Should that Maine septic company be granted market access in NJ, to the detriment of existing NJ based companies and professional engineers who currently do that work?
Should Democrats in the Legislature correct a problem created by Christie DEP regulations, under the guise of removing “burdensome” regulation?
Well, that’s exactly just what happened today, as the Senate Environment Committee approved a bill, S2914 (Greenstein – D, Mercer):
This bill would prohibit the Department of Environment Protection (DEP) from imposing certain certification requirements … the additional credential requirements for installation are inappropriate and burdensome for small businesses.
I testified in opposition to the bill on principle as violating separation of powers doctrine because the Legislature was trampling on the Executive’s regulatory role, in the absence of any substantive or factual legislative record or a demonstration that the bill’s proponents had exhausted multiple opportunities for a regulatory remedy by DEP.
The bill is a terrible precedent that could open the floodgates to many regulated industries seeking regulatory relief via special legislation – the very essence of pay to play.
Those floodgates are already wide open in Washington DC as the Trump Administration and Republicans in Congress are seeking to dismantle “the administrative state”, and environmental regulation in particular.
Why would NJ Democrats want to go there?
I also questioned whether allowing this company and technology and installers into the NJ market would impact the environmental performance or homeowner costs of septic systems.
Things got very animated after the bill’s proponent – a spokesman for a company from Maine – interrupted my testimony to ask who I was!
Listen to the testimony – hit the link to “view or listen to prior testimony”.
I got some pushback from Chairman Smith, who cited the recent legislative consideration of the Highlands Septic Density Standard. I had to remind him that there was a robust public regulatory process by DEP and that his Committee held a rigorous oversight hearing on that issue.
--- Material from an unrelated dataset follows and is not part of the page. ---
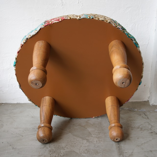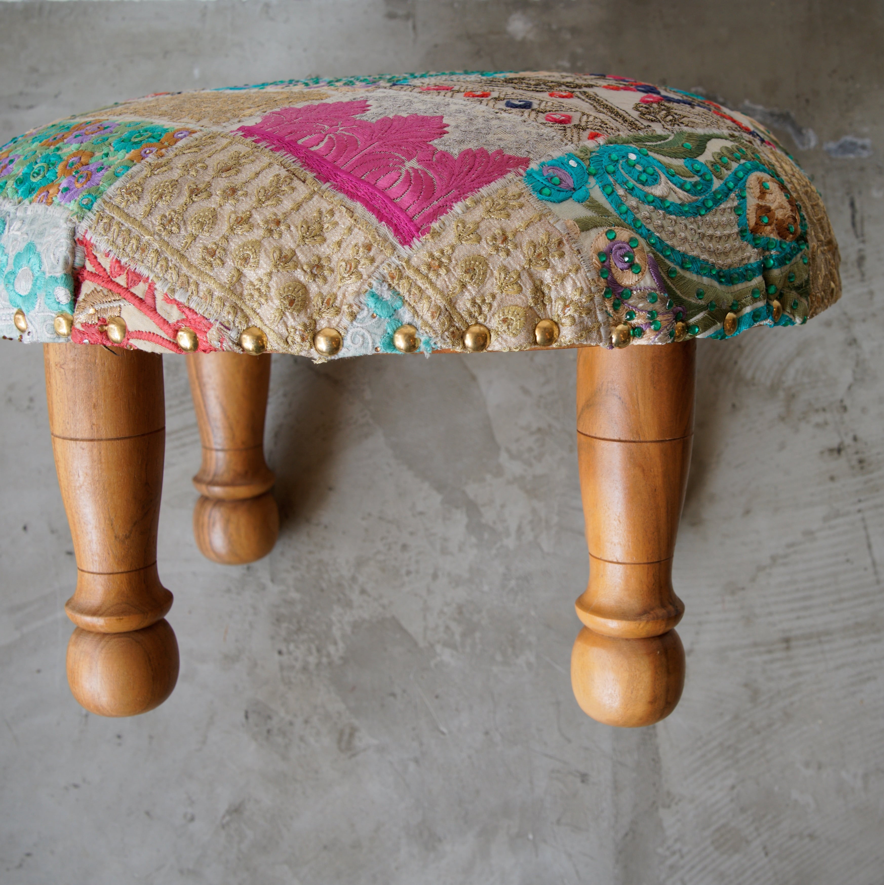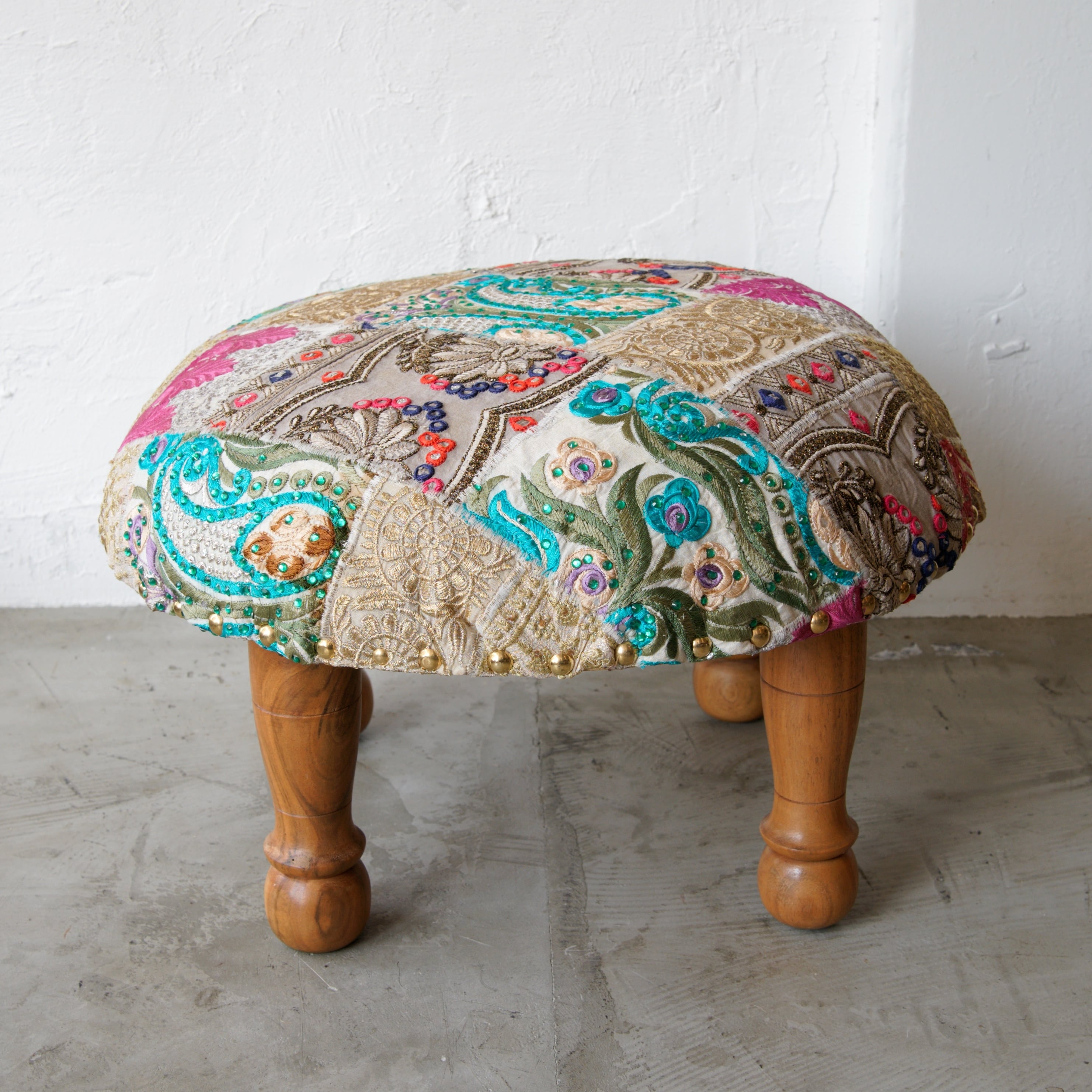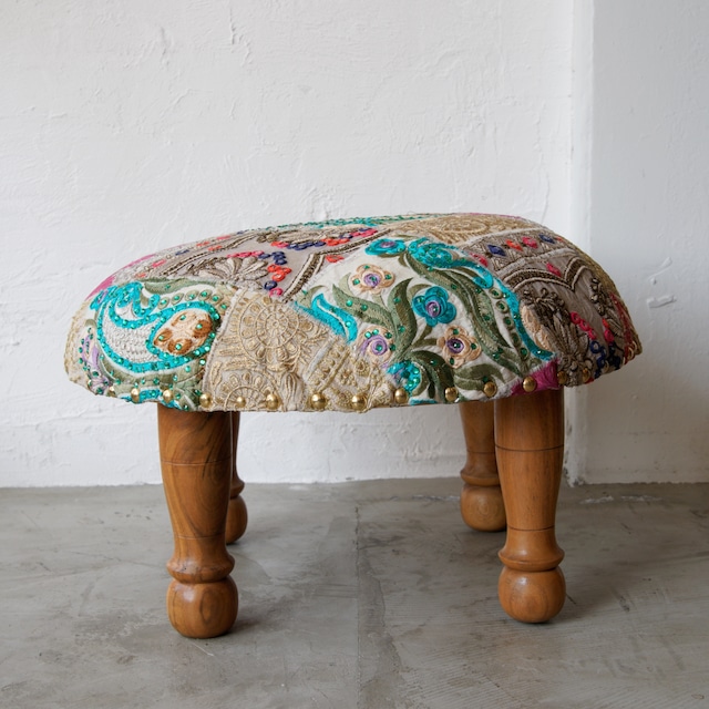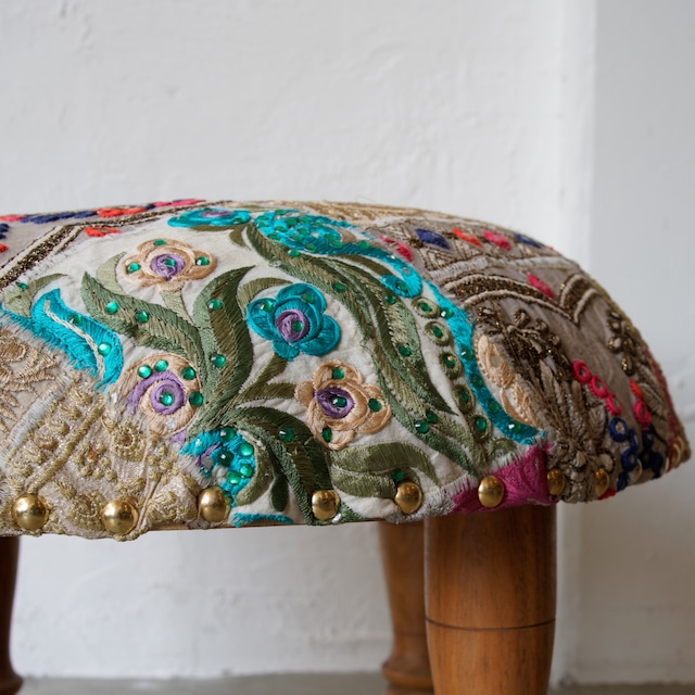 インドの伝統的な刺繍布「カンバディア」を贅沢に使った、脚付きスツール。

The Legislature was proposing a veto of those rules under a specific veto provision of the Constitution approved by voter referendum, not broad legislative power to block a regulation on behalf of a single (out of state) company. In addition, testimony during that process revealed significant flaws and loopholes in current DEP septic regulations, suggesting that they needed to be strengthened, not over-ridden as “burdensome”.
After the hearing, I spoke with the Man from Maine. He shook my hand and said “no hard feelings” and in frustration complained that he had anticipated the problem with the DEP rules and hired a Trenton consulting firm back in 2012 and “spent a ton of money” on securing the relief under the bill.
That sounds a lot like pay to play to me. And special legislation too.
So I just sent the below follow-up testimony:
Dear Chairman Smith:
I’d like to clarify the record and supplement my testimony this morning on S2914 as follows:
1. Separation of powers
Separation of powers issues remain despite the amendment to make the bill identical to the Assembly version A4350[1R]
http://www.nj.gov/dep/workgroups/docs/septic-20161216-invite.pdf
The amendment states that the bill would become “inoperative” upon adoption of future DEP regulations. By definition, that means that the legislation would apply upon enactment in the absence of DEP rules and until the adoption of DEP rules.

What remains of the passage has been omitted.